The PTT was set on COM's RTS and the CD on the COM'S CD (to be clear, HI). Here I use two K817 optocouplers. The PTT port can whitstand about 50 mA at 70V.

The LEDs

I like to have some visual information about the working state of the interface, so I desoldered the original LED from every board and reroute them on the front panel.

From left to right:

-Blue: Power on USB HUB;

-Green: Power on CAT COM1;

-Green: Audio Board recognised by the OS;

-Red: PTT on COM2

-Yellow: CD on COM2.

-Blue: not connected.

The "look":



After closing the case, the HM Interface looked fantastic, especially in the dim light!
On the rear panel, I provided 3 RCA for Audio I/O and for PTT/ They are not wired yet.

Further development may include a second USB audio board for digital voice...

OK, it is not perfect, but the tests showed that this "box" performs well... I have only one complain: the Input level is often too small for the sound board. Despite this, the excellent S/N ratio of the Behringer board made me think twice before adding a small input preamplifier!
The two potentiometers are unused...
The cost is much under a commercial interface... Much!
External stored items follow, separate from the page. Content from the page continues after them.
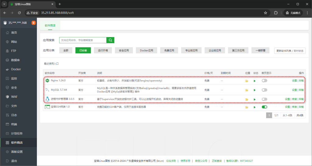 - 宝塔环境配置:
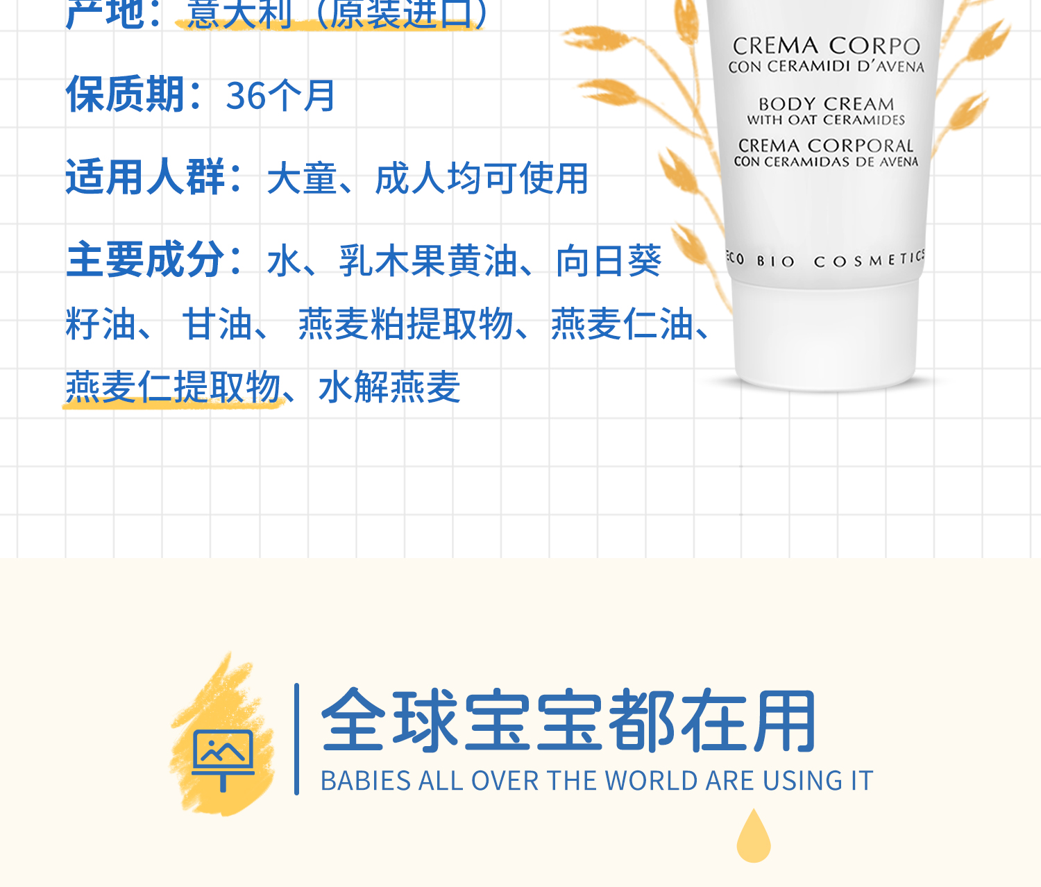 【春季换新肌原价158】Nebiolina欧优乐身体乳200l有机认证意大利原装进口保湿滋润
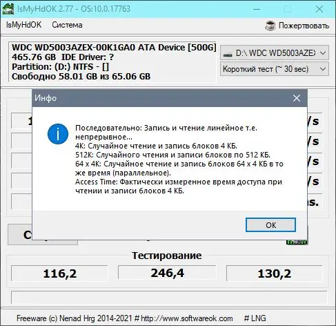 IsMyHdOK — компактная утилита для тестирования производительности жёстких дисков и других накопителей, работающая без установки и позволяющая быстро оценить скорость чтения и записи данных на HDD, SSD и USB-устройствах.
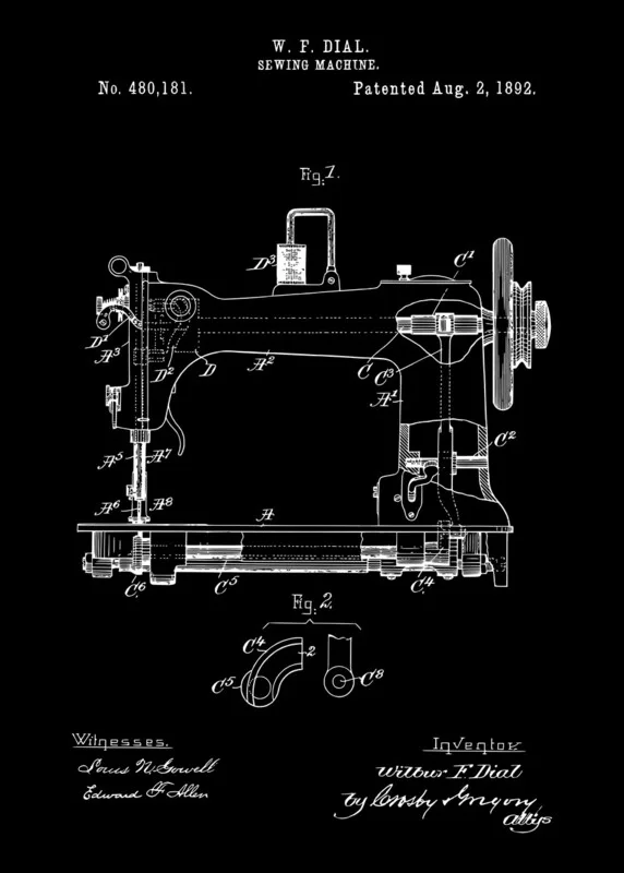 Samolepka 1892 Vintage Sewing Machine Patent Art
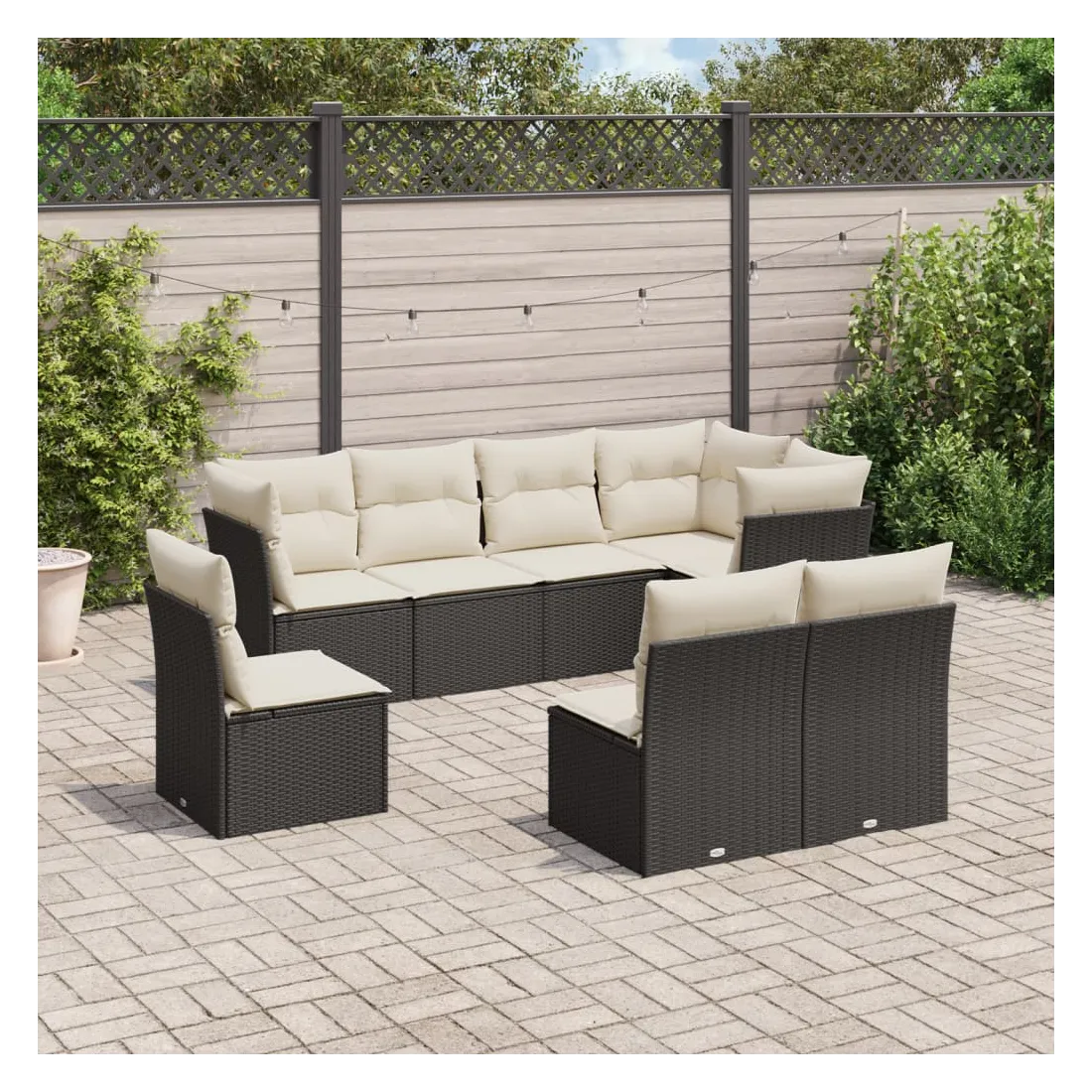 Cet ensemble de canapés de jardin est le complément parfait de votre arrière-cour, terrasse ou patio, offrant un espace confortable et accueillant pour discuter avec la famille et les amis ou simplement se détendre et profiter de l'extérieur. Matériau durable : la résine tressée, également connue sous le nom de poly rotin, est un matériau synthétique solide et nécessitant peu d'entretien qui ressemble au rotin naturel. Il est léger, facile à nettoyer et couramment utilisé pour les meubles d'extérieur en raison de sa durabilité et de ses propriétés de résistance aux intempéries.Fonction de rangement avec sac résistant à l'eau : chaque siège de jardin dispose d'un espace de rangement sous l'assise, complété par un sac résistant à l'eau pour ranger les coussins, les jouets et d'autres objets. Les sacs intérieurs sont dotés d'un couvercle et peuvent être solidement fixés aux sièges à l'aide de bandes auto-agrippantes pour plus de stabilité.Housse amovible et lavable : ces coussins de siège sont dotés de housses amovibles pour un lavage et un entretien faciles.Conception modulaire : cet ensemble de meubles d'extérieur a une conception modulaire, ce qui le rend complètement flexible et facile à déplacer, afin que vous puissiez créer un agencement de meubles d'extérieur personnalisé. Bon à savoir :Pour que vos meubles d'extérieur restent beaux, nous vous recommandons de les protéger avec une housse imperméable.
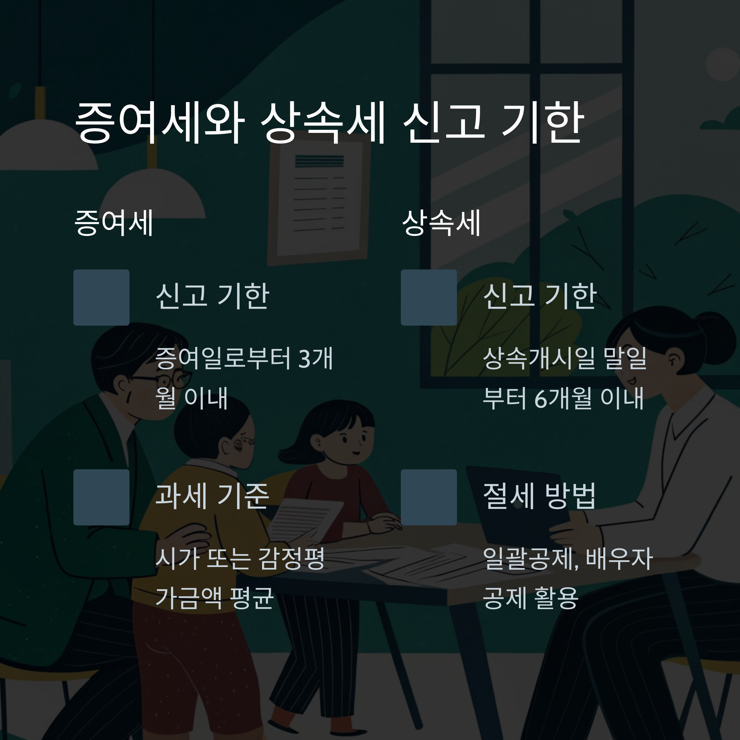 양도, 증여, 상속, 보유에 따른 모든 세금은 신고기한, 공제 조건, 과세 기준이 상이하므로

And, for the final, what will be a CAT-Digimodes interface without a Tom-CAT?

73 de YO3HJV

LATER EDIT:

I added a small preamplifier (around 6 db) on the audio input of the interface. The signal goes into one of the two potentiometers (reserved on the motherboard) to fine tune the input volume. A small Switch on the front panel allow me to bypass the preamplifier because the signal from ICOM IC7000 is loud enough to drive irectly the soundboard.
I also put a 4 GB flash memory for various purposes (the HRD Logbook, audio recording of my QSO's and a small collection of digimodes software-around 300 Mb).